Data mining, first time hearing it? If you are a novice in the business environment it is highly unlikely that you’ve heard of this word before. Data Mining is mostly used in banks and companies. It began in the 1990s and it has come directly from the evolution of data warehouse and database technologies. Read on further to know what data mining purports to do and what are data mining techniques.
- What is Data Mining?
- What are data mining techniques?
- Types of Data mining techniques:
1) What is Data Mining?
In layman’s terms, Data mining is a technique of segregating data from huge data sets to find to find unknown relationships or patterns which were present previously in them. It is a process of extracting useful data from a larger set of raw data. It is all about discovering unsuspected, hidden, previously unknown yet valid relationships present amongst the data. Data mining is a very powerful tool that helps you find relationships and patterns within your data. The main properties of data mining are:
- Automatically discovering patterns.
- Predicting likely outcomes.
- Creating actionable information.
- Focusing on large databases and data sets.
Now as the meaning of data mining is clear let’s move on to an overview of data mining techniques.
2) What are data mining techniques?
In recent projects, data mining concepts and techniques have been used and developed including classification, association, prediction, clustering, sequential patterns, and regression. In today’s digital world even though we are drowning in and are surrounded by a big amount of data and information that is forecasted to enlarge by 40% into the coming decade, what’s ironic is that we are starving for knowledge.
Due to the generous amount of data produced which is present today it is difficult to put it to use as it is failing to satisfy big initiatives and that is why data is mined using data mining techniques. There are various data mining tools and techniques providing a different insight with each and catering to a specific business problem. Data mining techniques and applications must be reliable and repeatable by company individuals who have little or no knowledge about data mining and its techniques.

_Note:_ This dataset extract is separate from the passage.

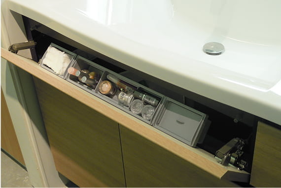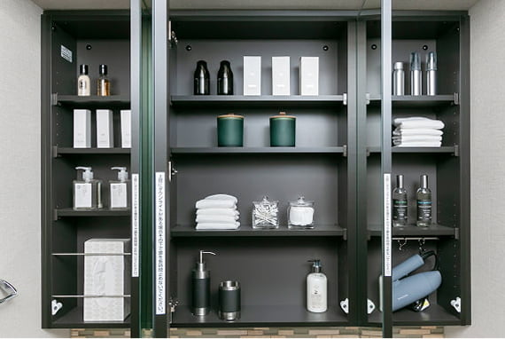 化粧小物をすっきり収納でき、出し入れしやすい収納スペースです。

3) Types of Data mining techniques:
The different types of data mining techniques with examples are:
- Classification: The classification of data mining substructures is used to retrieve relevant and important information about metadata, and data. The data is classified and segmented into different classes or segments in this technique. The classification by this data mining technique can be done by different criteria:
- As per the types of data sources: This classification is done according to the type of data handled. Examples include spatial data, multimedia, text data, World Wide Web, and so on.

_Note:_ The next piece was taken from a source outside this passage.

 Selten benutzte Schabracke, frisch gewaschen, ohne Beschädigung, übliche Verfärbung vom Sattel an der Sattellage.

- As per the database which is involved: The classification is done based on the data model which is involved. Examples of this include Object-oriented databases and relational databases.

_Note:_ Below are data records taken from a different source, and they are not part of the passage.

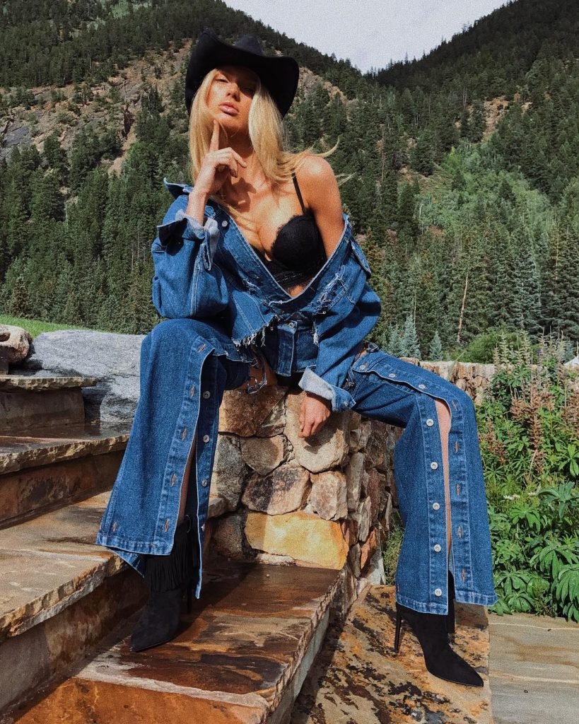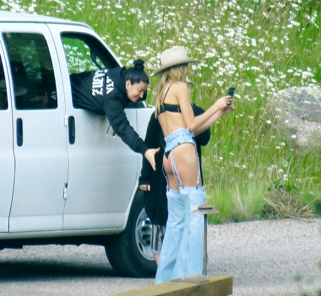 Supermodelo Romee Strijd fue vista usando un sexy atuendo de vaquera mientras filmaba para el próximo catálogo navideño de Victoria’s Secret en Aspen, 14/08/2017.
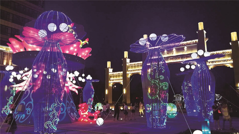 伴隨著夜幕降臨,散落在諾睿德非遺交流中心周圍的彩燈散發著柔和的光彩,彈著琴的“功夫熊貓”、桃園結義的劉關張……一組組彩燈再現影視劇中的經典畫面,彰顯著“電影搖籃”的氣質。
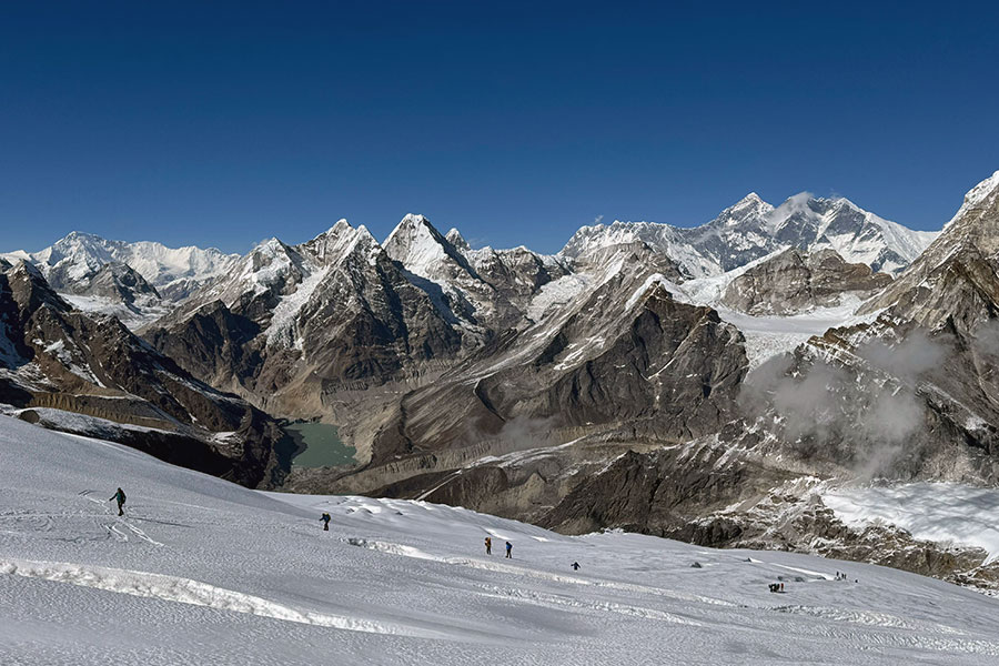 The views from the pass and first experience of mountaineering are spectacular. We first climb up to the Mera La (5,410m) and back up the ridge and then onto the back of the Mera base camp to for the night. Our freshly learned crampon and ice axe techniques will come in useful while climbing into the glacier.

- As per the type of knowledge discovered: This classification depends on data mining functionalities and the kind of knowledge discovered from different researches. Examples include clustering, characterization, and discrimination classification.
- As per the different data mining concepts and techniques used: The classification is as per the utilized data-analysis approach like genetic algorithms, machine learning, neural networks, statistics visualization, etc.
- Clustering: To identify data that is alike the clustering data mining technique is used. The process aids to understand similarities and differences in data. This technique is fairly similar to classification but the former involves chunks of data being grouped together on a similarity basis. Examples of clustering are text mining, computational biology, medical diagnostics, spatial database applications, etc.
- Regression: You must have certainly heard of this technique before. One of the most common types of data mining technique, regression analysis is used to analyze and identify the relationships between variables due to the other factor being present. The probability of a specific variable is being defined in this technique. It is used to recognize the possibility of a particular variable, given the existence of other variables.
- Association Rules: As the name suggests this technique helps to find the association and alliance between two or more items. These include if-then statements that show the chance of interactions in different types of databases between data items. The three major measurement techniques include lift, support, and confidence.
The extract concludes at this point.